From the Rockies to the Prairies, the fate of two communities hangs in the balance as residents fight to protect the natural world around them.
One saga begins with mine closures, the other with a mine proposal. But the tales are somewhat similar: a company comes in with a project, some residents are opposed, and then it spirals into a political controversy.
In the Rockies, Canmore, Alta., is dealing with a $161-million lawsuit Three Sisters Mountain Village properties launched against the town and councillors for opposing a commercial and residential development project — one that could double the town’s population and eat into critical wildlife habitat.

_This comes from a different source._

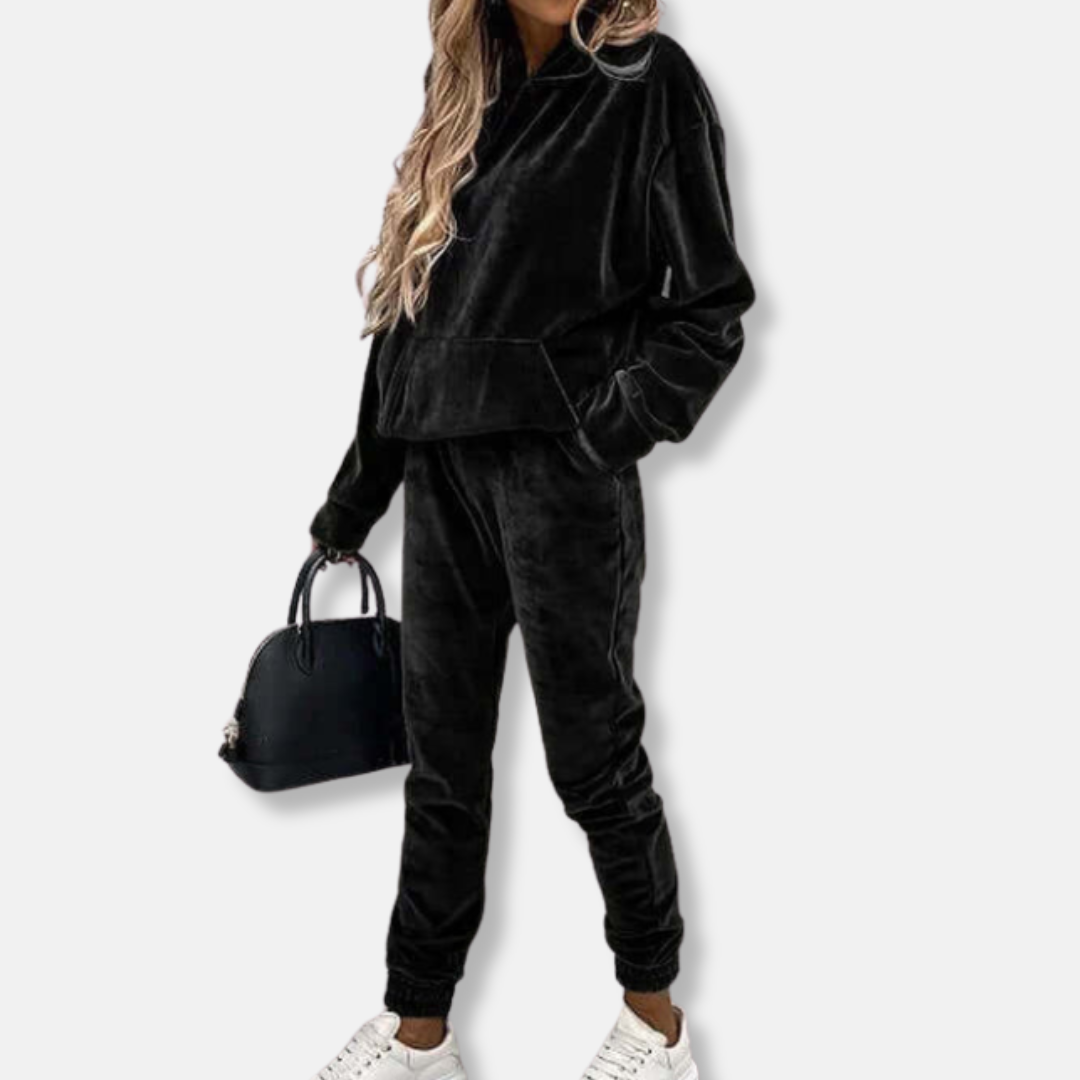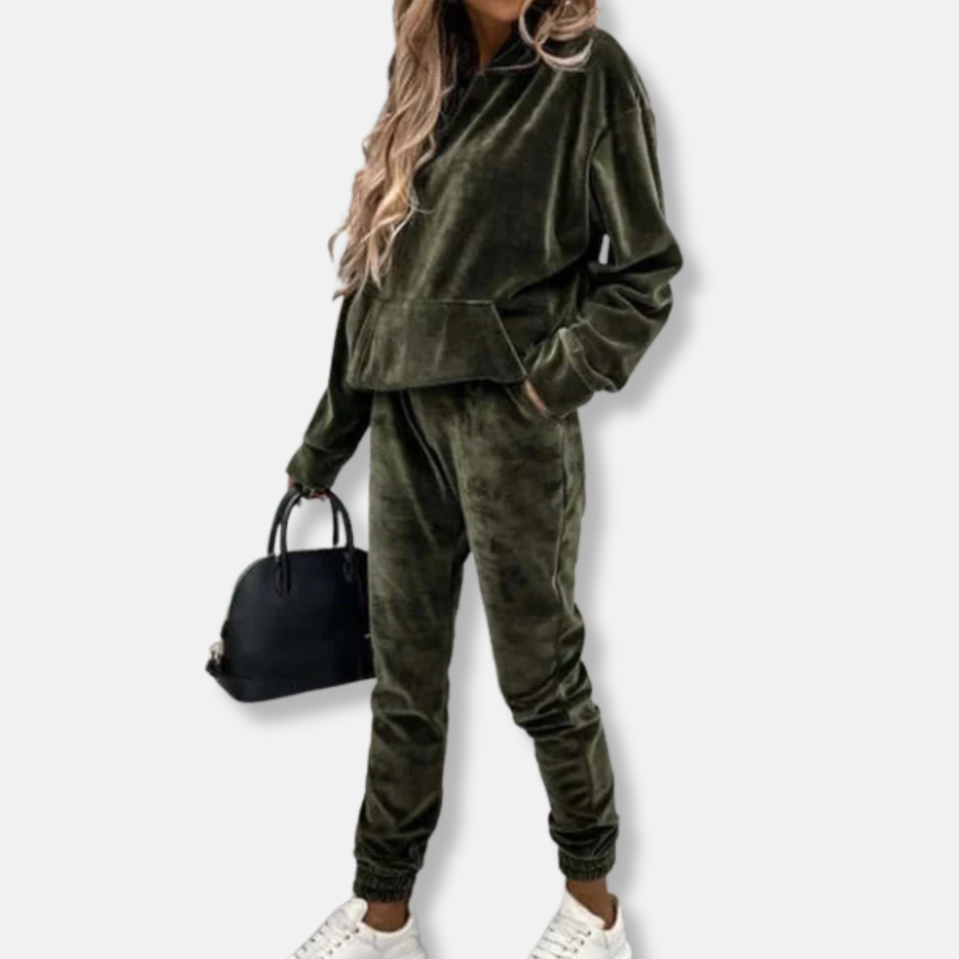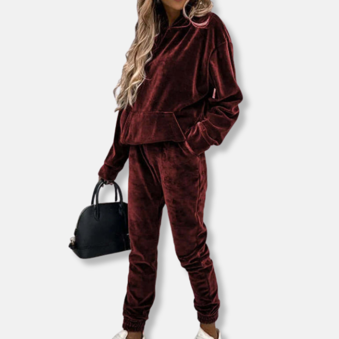 Damer Tvådelat Set - Sammet - Avslappnad Passform - Huva

Drew Anderson, one of The Narwhal’s Prairies reporters, has been following the story for a while. Last October, he drove to Canmore — which has grown into a tourism hub since the local coal mines closed in the ’70s — when the council was forced to vote in favour of the project because of the pending court case. Soon after the decades-long resistance ended, a source told him about a box of freedom of information requests that had been languishing in a garage somewhere.
“I reached out to get the box and, lo and behold, it had been snagged by one Jeremy Klaszus, editor-in-chief of The Sprawl,” Drew told me. And so, he and Jeremy began working together on a story — and a podcast episode! — in our first-ever collaboration with the Calgary publication.
The sprawling feature spans the tale of the former mining town — one nestled in mountains sacred to the Stoney Nakoda Nations — that could transform into a version of itself both residents and environmentalists had fought hard against. It looks at the impacts on wildlife like elk, deer and sheep, and a housing crisis that mires the region. It takes a walk down Canmore’s touristy main street and wonders out loud: would a miner from the ’60s know what to make of the tuna ceviche with passion fruit served at the town’s rustic-chic chalet?